Hoger beroep inzake WAO-schatting en arbeidsongeschiktheid van appellant

In deze zaak gaat het om een hoger beroep van appellant tegen een besluit van het Uitvoeringsinstituut werknemersverzekeringen (Uwv) inzake de beoordeling van zijn arbeidsongeschiktheid op basis van de Wet op de arbeidsongeschiktheidsverzekering (WAO). Appellant, die sinds 31 januari 2000 niet meer kan werken als wijkmedewerker bij de Regiopolitie Rotterdam-Rijnmond vanwege een burn-out en een post-whiplash syndroom, heeft in 2001 een WAO-uitkering gekregen, die aanvankelijk was vastgesteld op 80 tot 100% arbeidsongeschiktheid. Na een herbeoordeling in 2002 bleef deze uitkering ongewijzigd.

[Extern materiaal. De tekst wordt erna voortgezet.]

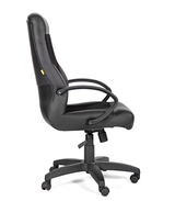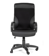 Большое и удобное кресло для руководителя с обивкой из экокожи, пластиковыми подлокотниками, и механизмом качания с возможностью фиксации кресла в рабочем положении, а также черной пластиковой крестовиной.

Echter, na een nieuw onderzoek door de verzekeringsarts in augustus 2003, concludeerde het Uwv dat de mate van arbeidsongeschiktheid was gedaald naar 35 tot 45%. Dit leidde tot het bestreden besluit van 15 september 2003, waartegen appellant bezwaar aantekende.

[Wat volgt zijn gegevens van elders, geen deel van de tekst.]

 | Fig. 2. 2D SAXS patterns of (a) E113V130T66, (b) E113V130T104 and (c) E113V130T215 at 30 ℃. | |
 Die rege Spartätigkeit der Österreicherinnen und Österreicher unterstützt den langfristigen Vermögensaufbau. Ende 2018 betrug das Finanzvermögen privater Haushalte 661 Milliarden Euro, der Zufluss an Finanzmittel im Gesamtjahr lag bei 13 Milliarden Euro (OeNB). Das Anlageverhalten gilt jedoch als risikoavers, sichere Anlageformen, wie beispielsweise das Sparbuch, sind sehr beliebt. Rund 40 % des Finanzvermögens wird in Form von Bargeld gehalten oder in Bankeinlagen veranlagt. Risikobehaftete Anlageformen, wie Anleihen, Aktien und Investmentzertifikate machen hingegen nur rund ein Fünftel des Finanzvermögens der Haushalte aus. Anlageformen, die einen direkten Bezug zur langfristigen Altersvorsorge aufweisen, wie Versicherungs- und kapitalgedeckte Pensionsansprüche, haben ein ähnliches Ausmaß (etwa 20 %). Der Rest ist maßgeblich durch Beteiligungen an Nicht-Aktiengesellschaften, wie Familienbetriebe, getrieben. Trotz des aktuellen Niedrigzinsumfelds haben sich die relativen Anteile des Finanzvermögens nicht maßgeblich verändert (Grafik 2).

De Centrale Raad van Beroep heeft op 6 juni 2007 uitspraak gedaan in deze zaak. Appellant betoogde dat zijn klachten en beperkingen door de verzekeringsarts en bezwaarverzekeringsarts waren onderschat. Hij verwees naar rapporten van (para)medische experts die zijn standpunt ondersteunden. De Raad oordeelde echter dat de door appellant overgelegde rapportages niet voldoende objectieve medische gegevens bevatten die erop duiden dat zijn functionele mogelijkheden en belastbaarheid waren overschat. De Raad concludeerde dat er geen gronden waren om te oordelen dat het Uwv de medische beperkingen van appellant had onderschat.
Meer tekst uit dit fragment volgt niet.